Et pourtant le rapport de la médecine professionnelle et préventive pour l’année 2009 qui vient d’être rendu public est accablant et ne fait, malheureusement, que confirmer et amplifier ce que nous dénoncions ou pressentions. Les faits sont suffisamment graves pour que les conclusions issues de ce rapport soient connues de tous.

 

Au sujet des souffrances au travail, le rapport constate pour l’année 2009 :

 

§         La montée en charge des demandes de visites émanant d’agents en arrêt de travail

§         La montée en charge des inaptitudes temporaires

§         Le nombre de consultations pour souffrances au travail représente 70% du total des consultations effectuées dans l’année. Parmi elles, 60% concernent des agents du service propreté des bâtiments, 16% appartiennent à des services techniques comme l’atelier et le service voirie travaux, 16% à des services qui accueillent du public.

 

Entre septembre 2007 et septembre 2010, le rapport constate que la situation s’aggrave considérablement en ce qui concerne le nombre d’agents chez lesquels les médecins ont constaté cliniquement une ou plusieurs maladies professionnelles. L’un des médecins chargé de la rédaction de ce rapport déclare : « Fin 2009 et dans les trois premiers mois de 2010, j’ai observé dans mon secteur une montée en charge des demandes de consultations liées :

 

§         Aux effets de la restructuration de certains services.

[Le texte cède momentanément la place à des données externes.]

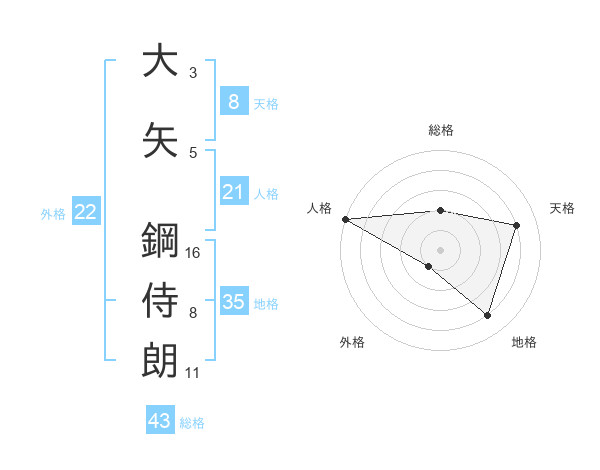 大矢 鋼侍朗さんを姓名の画数から五運を鑑定

§         A des situations de conflits collectives internes au service

§         A des situations de maltraitance »

 

Et le médecin de conclure : « En matière de souffrances au travail, les indicateurs sont donc tous au rouge ».

 

Au sujet du nombre de jours d’arrêt de travail, le rapport note que celui-ci a été multiplié par 7 en trois ans.

 

Au sujet des souffrances psychiques liées au travail, que dit le rapport ?

 

Il note une nette augmentation du nombre d’agents qui ont consulté pour des problèmes de ce type, toute situation confondue et il cite :

 

§         Agents victimes d’une maltraitance entre collègues de travail, suffisamment déstabilisés par des tentatives d’intimidation et les menaces répétées pour être hors d’état de retourner dans leurs services

§         Agents souffrant d’un sentiment d’injustice à caractère professionnel

§         Agents victimes de rumeurs

§         Agents victimes d’eux-mêmes atteints de dépressions graves

§         Agents victimes de leur hiérarchie

§         Agents victimes d’agression.

 

Et le rapport de faire remarquer que, dès fin 2009 et surtout dans les six premiers mois de 2010, ces consultations sont montées en flèche.

 

Ce rapport est accablant et nous a profondément bouleversés par la violence des faits qui y sont décrits. La maire ne peut ignorer ce rapport et ne peut continuer à mettre autant de distance et de mépris entre elle et le personnel.

 

Nous avons régulièrement attiré son attention à ce sujet, aujourd’hui c’est la médecine professionnelle et préventive qui l’alerte. Qu’attend Dominique VOYNET pour réagir ? En l’espace d’un an, plusieurs changements sont intervenus à la tête de la direction des ressources humaines de la ville. Le rapport fait d’ailleurs remarqué que « l’absence de DRH a été une véritable catastrophe ». Sur la base de l’exemple des conditions de travail des agents de propreté des bâtiments, le rapport fait remarquer que « la question de l’effectif ne peut pas être contournée. »

 

La gravité des faits énumérés dans ce rapport impose à la maire de faire preuve de responsabilité en changeant radicalement de cap pour répondre au malaise. Nous l’appelons solennellement à réagir.